Jarden Corporation and K2 Inc. have signed a definitive merger agreement pursuant to which Jarden will acquire K2. Under the terms of the agreement, Jarden will pay $10.85 per share of K2 common stock in cash and will issue 0.1086 of a share of Jarden common stock for each share of K2 common stock outstanding as of the closing. The cash and Jarden stock to be issued in the transaction has a combined value of approximately $15.50 per K2 share.

The total enterprise value of the transaction, including the assumption or repayment of indebtedness, is approximately $1.2 billion. The transaction is expected to be accretive to Jarden's earnings and to close early in the third quarter of this year.

K2's presence in the specialty and multi-store sporting goods, marine, and outdoor retail channels and proven international presence, combined with its focus on new product introductions and market innovations, should provide Jarden with significant growth opportunities and the ability to expand into adjacent markets. K2's primary business lines would be reported through Jarden's Outdoor Solutions segment upon closing of the transaction.

Commenting on the transaction, Martin E. Franklin, Jarden's chairman and CEO, said, “We are enormously excited about today's announcement as it marks another important step in our planned and disciplined growth strategy as a world class, diversified, niche oriented consumer products company. Adding K2's broad portfolio of leading brands to our portfolio would create cross selling opportunities both domestically and internationally, would expand our presence in specialty channels, would further diversify our products, revenues and earnings, and would create additional scale to leverage in our supply chain, distribution, manufacturing and sourcing networks.”

Richard J. Heckmann, K2's executive chairman of the board, said, “We believe that Jarden is the perfect strategic partner for us. Combining our world-renowned brands with Jarden's scale and innovative resources should bring tremendous value to our employees, retail partners and customers. I am extremely proud of our employees' accomplishments over the last five years, and I am excited about the road ahead for K2 as part of the Jarden family.”
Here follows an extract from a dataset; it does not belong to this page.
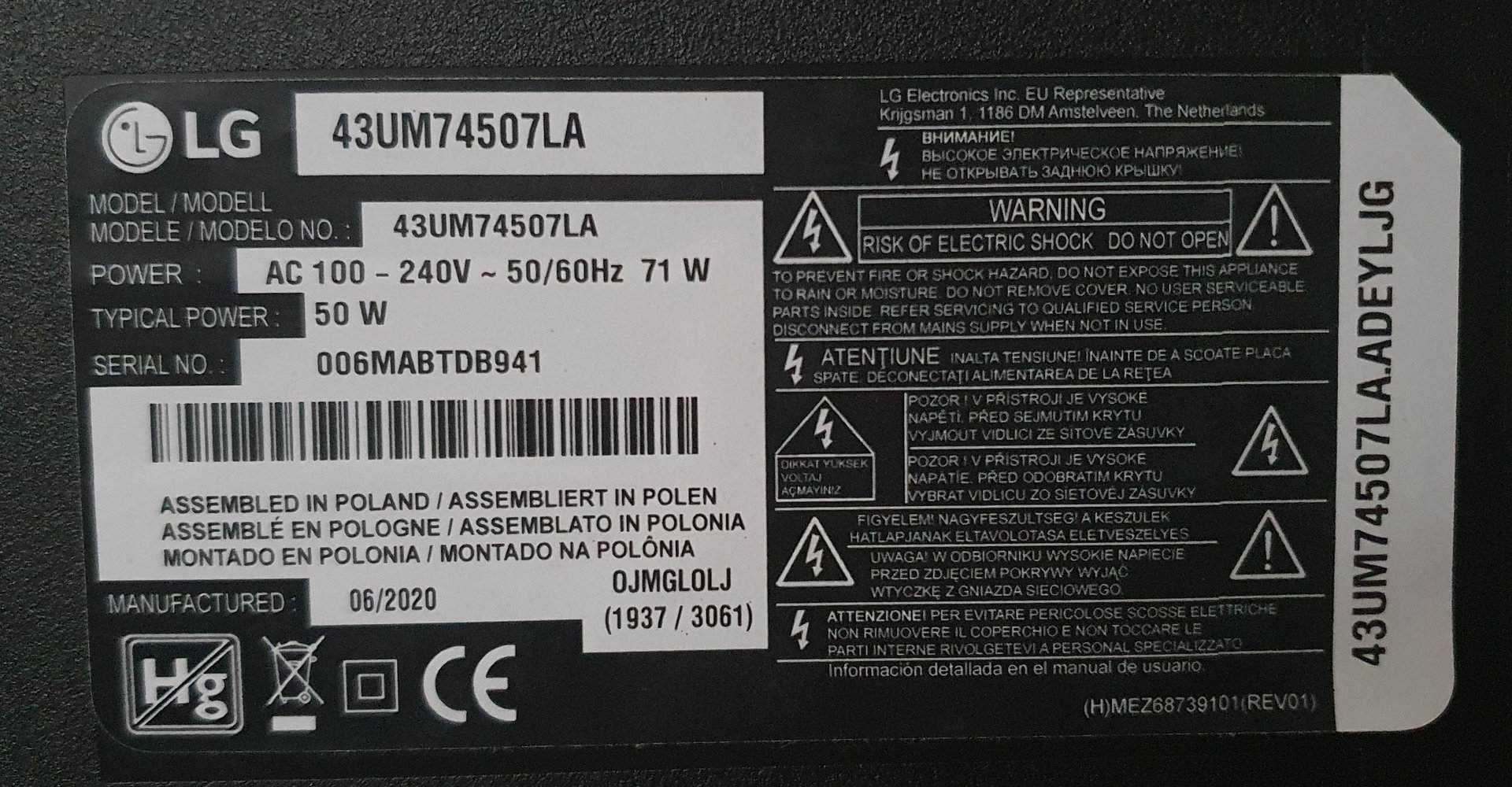 Помимо маркировки модели, необходимо также сверить серийный номер с настройками. Если телевизор все еще находится на гарантии, бесплатно ремонтируются только телевизоры с правильным серийным номером.

Mr. Franklin concluded, “We believe the timing is ideal to make this acquisition. We have spent the last two years successfully integrating American Household and we believe that we now have the appropriate resources in place around the world to focus on delivering results from this combination. We feel that K2 is well positioned to continue its growth and that it will benefit from the leverage of our combined resources to deliver strong financial performance. I have been impressed by the many people I have met at K2 from around the world and I look forward to welcoming the K2 team to Jarden. We have always said that Jarden's most important assets are our employees, and our commitment to them, in addition to our customers and stockholders, will continue to guide our company.”

The board of directors for both companies have unanimously approved the transaction, which is expected to close during the third quarter of 2007, subject to Hart-Scott-Rodino approval, the approval of K2's stockholders and other customary closing conditions.